As Benson noted, “My number one reason (for loving gay erotica) is the lack of deep, dark emotional angst. Often when erotica involves a female, there is some sort of dark issue in her past that must be resolved in order for the relationship to progress. Often, the focus shifts to the issue and we spend an awfully long time working on that, and not enough time on the relationship. Now, don’t get me wrong. I don’t just want meaningless sex. But I also don’t want a storyline that drags me into the abyss with the heroine.”
Writer Evelyn Shepherd, author of several gay romances, recently shared her views on the subject. “The first LGBT book I ever read was Christopher Rice’s A Density of Souls. That was the first time I realized there was an actual market for LGBT. I didn’t have any clue about erotica at that time, because that was back in high school. After a few failed attempts at writing urban fantasy and attempting to get it published, I picked up The Assignment by Evangeline Anderson. After I read it, I decided I wanted to write this. I’m a huge supporter of LGBT rights, I enjoy writing male characters, and at the time I didn’t know of any urban fantasy m/m authors. I thought, well shucks! I could be that author. I really can’t say why women enjoy M/M erotica. I think we all like erotica because it allows us to experience our fantasies (sometimes dark fantasies), which we don’t always have the ability to try. Books, no matter what genre, are an outlet for the imagination. I think the lure of M/M is that it’s something we’ll never have the power to try, and there’s something fascinating about it. There’s also the part of you that wants to see a happy ending for two men, which you don’t always get in real life. Plus, let’s face it, two guys going at it is hot as hell.”
The additional bonus for the female reader of gay erotica? She gets two hot men and possibly more for the price of one.
I’ve recently spoke to author, Jace Payne, author of hot gay erotic romances, is a proud New Englander living in the heart of the south. When other kids were involved in sports and gaming, Jace had retreated into literature. He discovered his love for writing when he entered college. His early works, short stories for class, escalated to a blog, featuring short erotic fiction.
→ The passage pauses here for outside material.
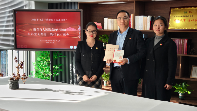 此次活动通过“理论+实践+榜样”的多元形式,既深化了党员对党的创新理论的理解,又通过榜样引领激发了干事创业热情。中共广西析法律师事务所支部将持续以高质量党建引领高质量发展,为法治建设与社会治理注入红色动能。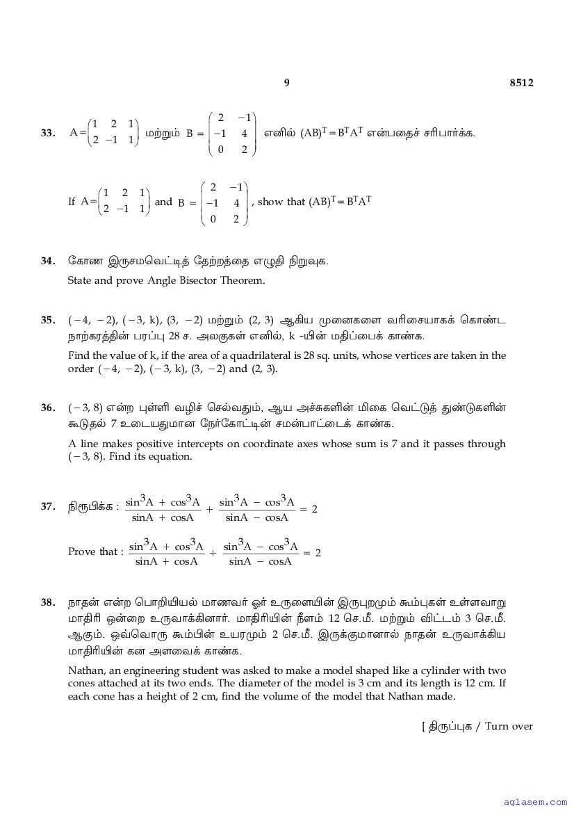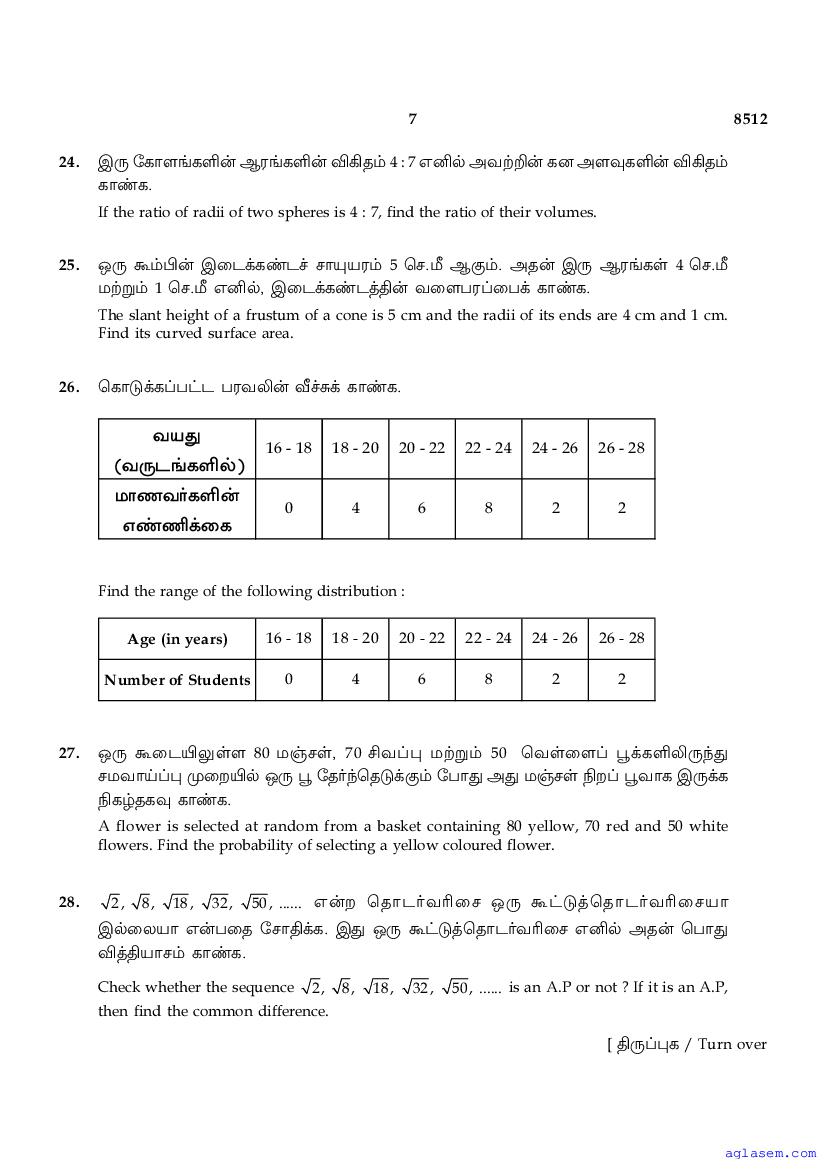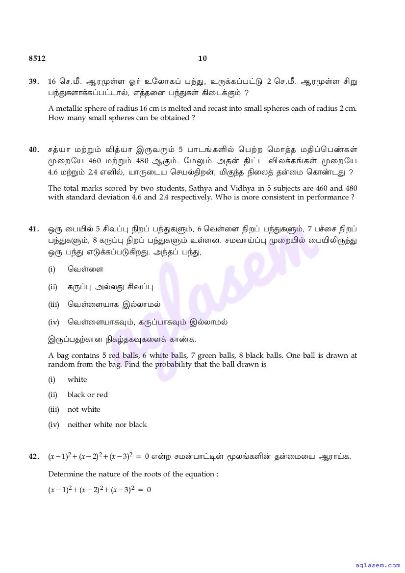 The Tamil Nadu Board Model Paper for class 10 Maths is as follows.

Dark South: Shifter, a novel set in the Deep South, marked Jace’s entry into the world of homoerotic romance. Jace’s passions lie within the world of the supernatural: werewolves, feisty witches, and unpredictable ghosts. If they lurk in the shadows, you can safely assume they will appear in his writing. No creature is safe. Jace set his most recent novel, Equinox, (Secrets of Salem), in his native Massachusetts, and wrote about the mingling of witches and mortals.
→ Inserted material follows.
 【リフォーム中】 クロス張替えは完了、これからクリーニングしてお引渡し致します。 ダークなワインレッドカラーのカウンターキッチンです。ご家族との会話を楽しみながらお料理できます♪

The difference between Jace’s work and many writers of paranormal fiction is that he combines the paranormal with explicit gay sexuality. Dark South: Shifter and Equinox (Secrets of Salem) are prime examples of one of the hottest commodities in erotic fiction, M/M erotica. The sexual content is potent, dark, and not for those unaccustomed to novels dealing with ménage and unbridled sexuality. Dark South: Shifter moves deftly from paranormal to erotica and back again. Payne creates a universe peopled with personalities of all stripes and colors, characters that will eventually have their own novels in the future.
Q: You’ve been writing for quite a while. What made you switch from short pieces to novels? What writers do you read?
A: When I had my blog, quite a few of my readers suggested I write a novel. At the time, I was only writing short erotic stories that I posted on a weekly basis. So, one day, I decided to explore the available options in the erotic romance world—which is when I discovered Loose Id.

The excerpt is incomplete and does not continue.